Transcript levels of tfp2 and neighboring genes were measured in CF-1 cells exposed to oxidative stress with 1 mM H₂O₂ as described previously [21]. Non-stressed cell cultures were used as controls. After stress induction, total RNA was extracted, and cDNA was synthesized from 1 µg of total RNA using a reverse transcription kit (#cat G592, ABM, Richmond, BC, Canada) according to the instructions of the provider. The cDNA was used to perform the qPCR experiments in a real-time thermal cycler (Applied Biosystems, Waltham, MA, USA). Three independent trials were averaged in all cases. The 16S rRNA encoding gene (rrsB) was used as a housekeeping gene to normalize gene expression.
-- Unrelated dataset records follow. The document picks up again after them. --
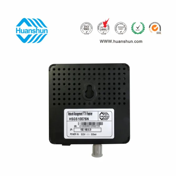 網(wǎng)管型 FTTH光接收機 | HSGS10076N | 1290~1565nm接收,-2~-12dBm/RFMD 82dBuv恒定輸出,(RJ45標準網(wǎng)口),外置90~255V 5V 0.5A電源適配器 |
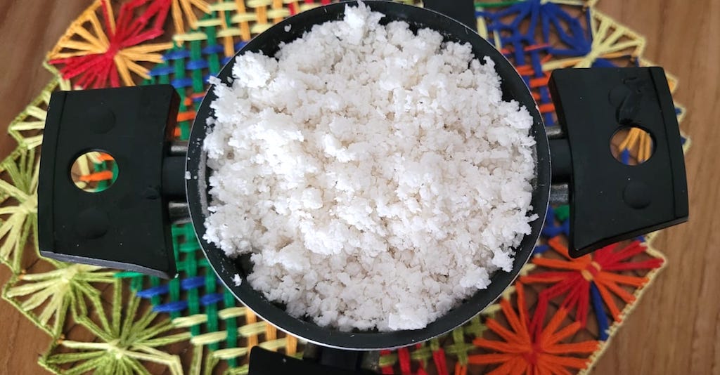 Publiquei no Instagram o cuscuz de arroz do meu café da manhã, e alguns seguidores perguntaram onde comprar? Vou fazer melhor e mostrar como preparar a tradição em casa, porque é super simples. Uso flocão do Coringa, coco ralado e leite de coco. Mas vou indicar três lugares em Maceió, e um em Pão de Açúcar, que vendem o cuscuz mais artesanal do mundo.
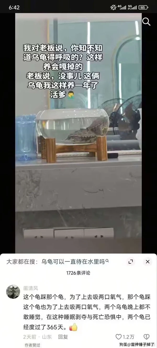 真是见识少怪事才多,担心乌龟淹死不如担心水少会渴死,去年寒假回老家过年了,因为担心水结冰冻死乌龟,就把鱼缸的水放了,一个月后回家渴死了一只,真的成标本了。要是会淹死的话我们家的早被淹死了,我那个鱼缸比图片里面这个大多了,水也比这个放得多。
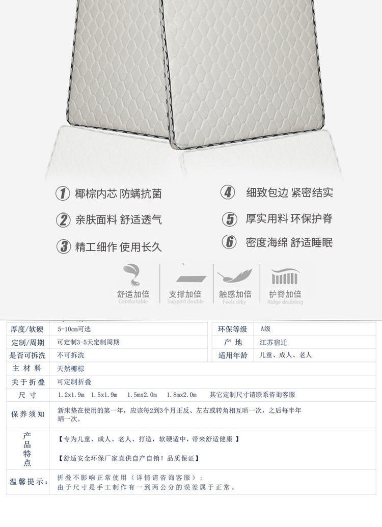 환경 보호 코코넛 팜 매트리스 더블 팜 매트 1.8m 하드 1.5m 두께 야자 경제 간단한 0.9m 접이식 매트리스스토어 가기
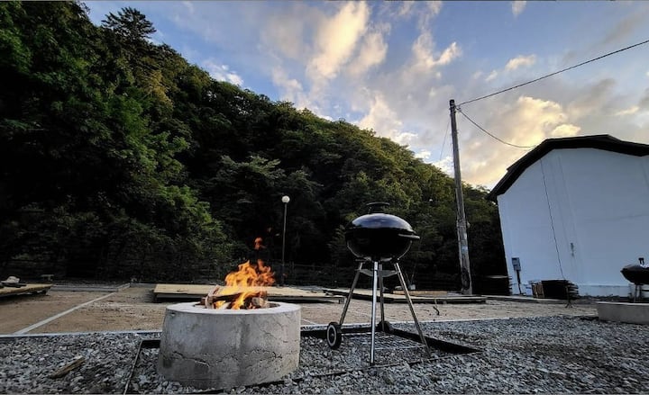 — კემპინგის გრილი (20 000 KRW): სანთურა, კემპინგის გრილი, მაკრატელი, მაშები
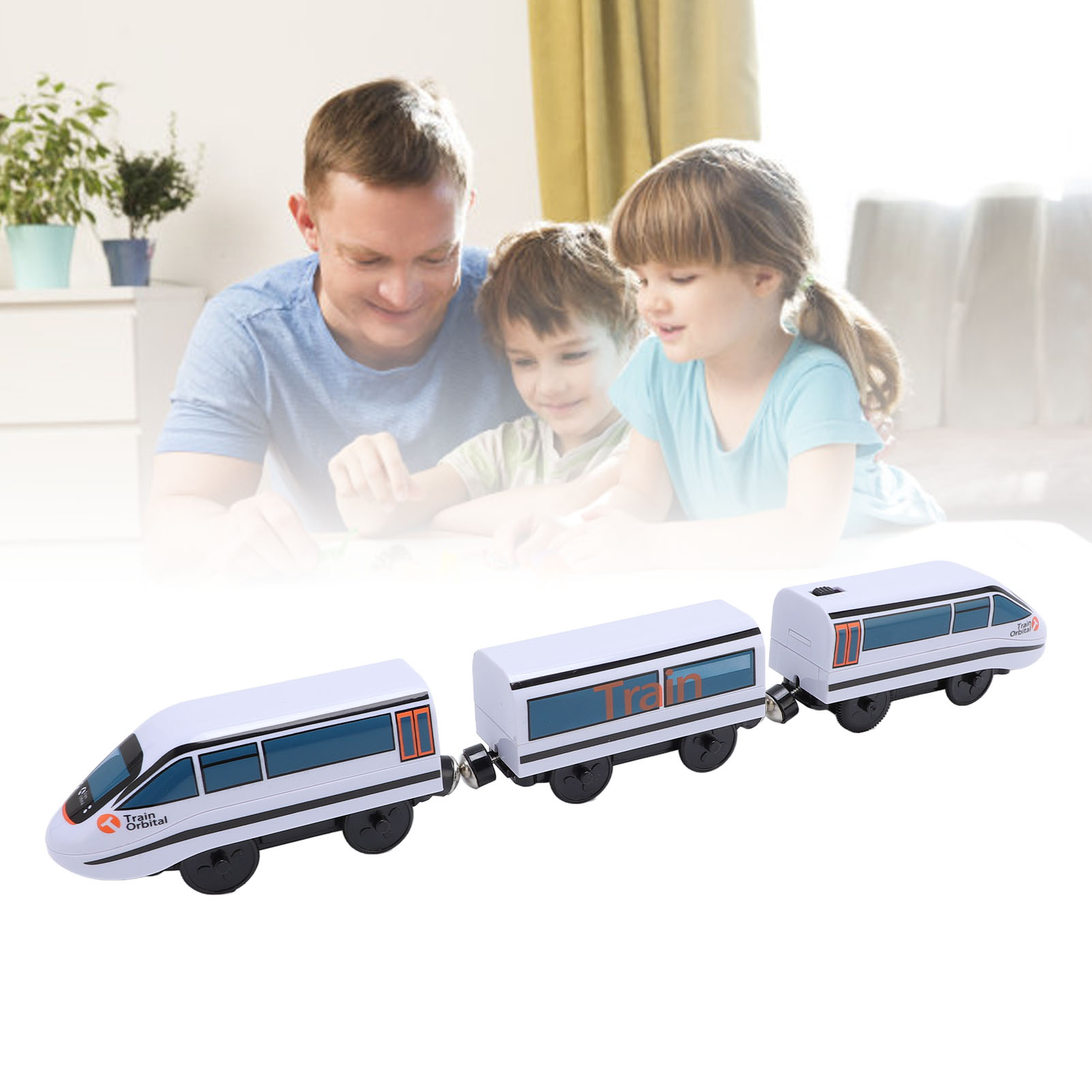 儿童电动小火车玩具套装 三节车厢多用途工程车 兼容多数标准轨道 自动行驶带灯光音效 ABS环保材质 男孩女孩生日礼物 培养动手能力
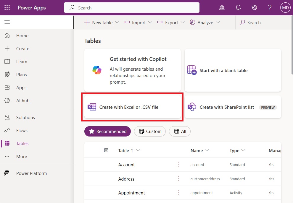 Open make.powerapps.com and create a new table using the Create with Excel or CSV file option.
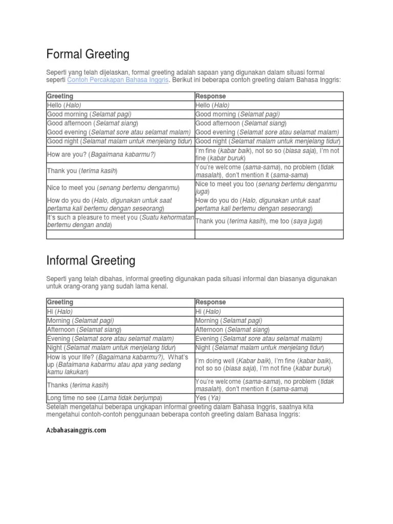 Jika anda berada dalam situasi formal seperti di kantor atau berbicara kepada orang yang tidak begitu kenal, sebaiknya gunakan bahasa inggris yang benar. Formal (resmi) atau informal (tidak resmi). Di dalam buku ini, anda bisa menemukan penjelasan yang rinci mengenai bahasa inggris formal dan informal, termasuk perbedaan keduanya, daftar kosakata, . Beberapa macam formal greeting dalam bahasa inggris: Ada banyak jenis surat dalam bahasa inggris. Beberapa informal letter dapat ditemukan di dalam . Salah satunya adalah contoh informal letter. We would like to begin the ceremony . Contoh i percakapan formal :. Ladies and gentleman due to unexpected accident, we shall apologize for the delay in starting the event. Pada dasarnya, kamu bisa menyapa orang dengan dua cara: Di bawah ini adalah contoh informal greeting beserta responsnya, jangan lupa dipraktikkan di rumah ya! Sementara contoh salam informal yakni:.
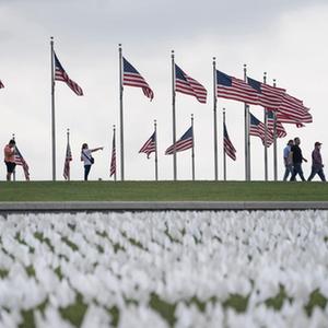 當日起至10月初,超過(guò)66萬(wàn)面白色旗幟擺放在華盛頓紀念碑附近悼念美國超過(guò)66萬(wàn)名新冠逝者。
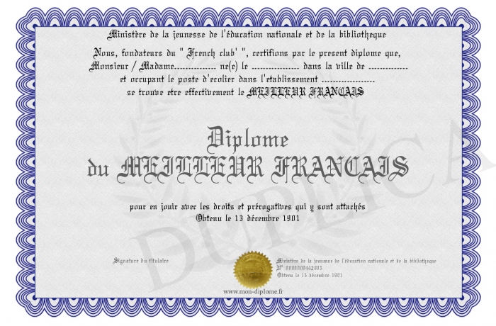 Envoyez par email votre Diplôme du MEILLEUR FRANCAIS personalisé
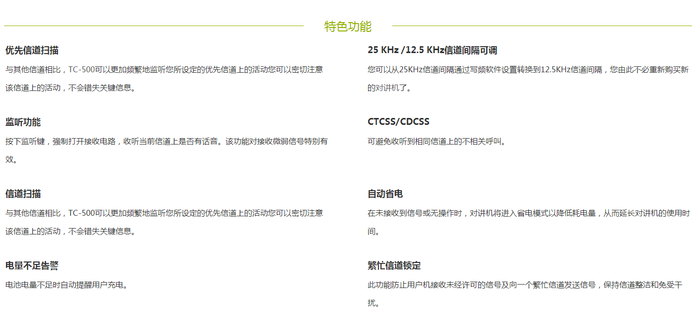 TC-500是HYT推出的經濟型手持無線對(duì)講機,它經濟實用、性能可靠、外觀小巧、手感舒适,可以廣泛的适用於(yú)各種行業,以優秀的品質保證使用者正常的無線通訊
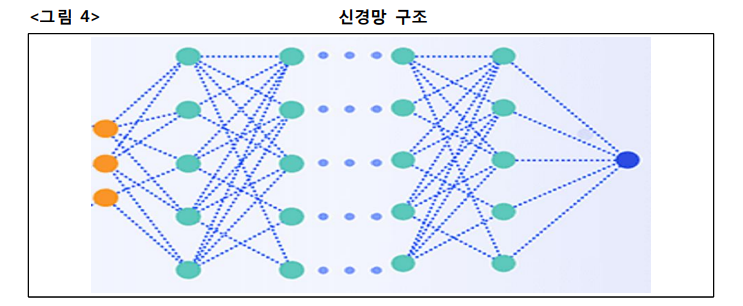 신경망 구조는 <그림 4>와 같은 형태를 띄며, 여기서 세 개의 오렌지색 원은 하 나의 입력층, 파란색 원은 출력층, 그리고 녹색 원들은 다섯 개가 하나의 층을 구성하며 여러 개의 중간층을 나타냅니다.
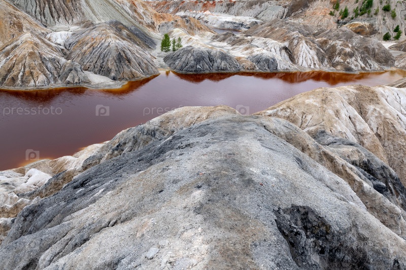 Уральский Марс. необычайно красивый летний пейзаж с красными озерами, цветными склонами и лесом. живописный горный массив. природные ландшафты, впечатляющее небо. природа Урала
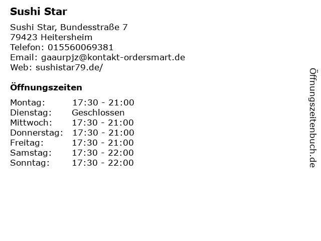 | Öffnungszeiten Sushi Star in Heitersheim anzeigen | |

4.14. Identification of TFP2 Client Proteins in E. coli

Cultures (50 mL) of the mutant E. coli cnoX(-) strain carrying the empty pBAD or pBAD-tfp2 vector were exposed to 4 mM H₂O₂ for 2 h. Cells were then collected, and protein aggregates from each cell pellet were obtained, as indicated previously (Section 4.12). The aggregates were frozen in dry-ice ethanol and stored at −80 °C until use.

Mass spectrometry-based quantitative proteomic was performed using LC-MS/MS analysis with the EASY-nLC 1000 split-free UHPLC instrument coupled to an LTQ Orbitrap Velos Pro mass spectrometer (Thermo Fisher Scientific Inc., Waltham, MA, USA). Proteins were prepared as described previously [46]. Briefly, 50 µg of protein of each condition were tryptically cleaved using an S-trap procedure. Subsequently, peptides were purified and fractionated by sequential elution, and the samples of each replicate were analyzed. Briefly, peptides were separated using reversed phase chromatography with a binary gradient from 5 to 50% acetonitrile, and 0.1% acetic acid at a constant flow rate of 300 nL/min. Full survey scans were performed with a resolution of 60,000 in the range of 333–1650 m/z. MS/MS scans were taken for the fifteen most abundant precursor ions per scan cycle, excluding unassigned charge states and singly charged ions, and dynamic exclusion was enabled for 30 s. Internal lock mass calibration was applied (lock mass 445.12003). A database search and label-free quantification (LFQ) was carried out using the MaxQuant proteomics software package version 1.6.10.43 [47]. A protein sequence database for E. coli BW25113 with 4298 entries downloaded from NCBI (20 February 2023), and common contaminants and reverse sequences added by the MaxQuant software were used for protein identification. The parameters were set as described by [46]. E. coli proteins detected in at least two replicates of at least one of the conditions were considered identified. The MaxQuant companion software Perseus version 1.6.15.0 [47] was used for data analysis. Averaged LFQ intensities were used to calculate log2 fold changes.

The data analysis, which comprehends data transformation, normalization, and statistics, was performed using the Real Statistics v8.8 [48] resource pack on Microsoft Excel 35 v2307, as described in [49]. The plots were generated by R v4.3.0 on RStudio v2023.03.1 [50,51] using inhouse code and the libraries ggrepel, ggplot2, tidyverse, hrbthemes, tm, proustr, and VennDiagram. The analyses of predicted TFP2 client proteins were made using bioinformatic resources available in the Protein Homeostatis Database (http://phdb.switchlab.org/#/home?limit=10&page=1) (accessed on 18 May 2023). The aggregation propensity was estimated using Waltz and Tango computational programs that predict amyloid-forming regions in amino acid sequences [52].

4.15. Statistical Analysis

Experiments were carried out in triplicate. One-way ANOVA with multiple comparisons (enzymatic and aggregation assays) and Student’s t-test (qRT-PCR) statistical analyses were performed using Graphpad Prism version 10.0.1.

5. Conclusions

TFP2 from Leptospirillum sp. CF-1 is a chaperedoxin-like protein that conserves thioredoxin and holdase activities and prevents protein aggregation in response to hydrogen peroxide exposure without prior HOCl activation. The co-localization of the tfp2 gene with genes encoding the GroEL/ES foldase chaperone system suggests a functional relationship of cooperation, although this still awaits experimental elucidation. The proteomic study showed that TFP2 acts on over a hundred client proteins, which perform a wide variety of cellular functions, reinforcing its relevance in the maintenance of cellular proteostasis in this extreme acidophilic bioleaching bacterium.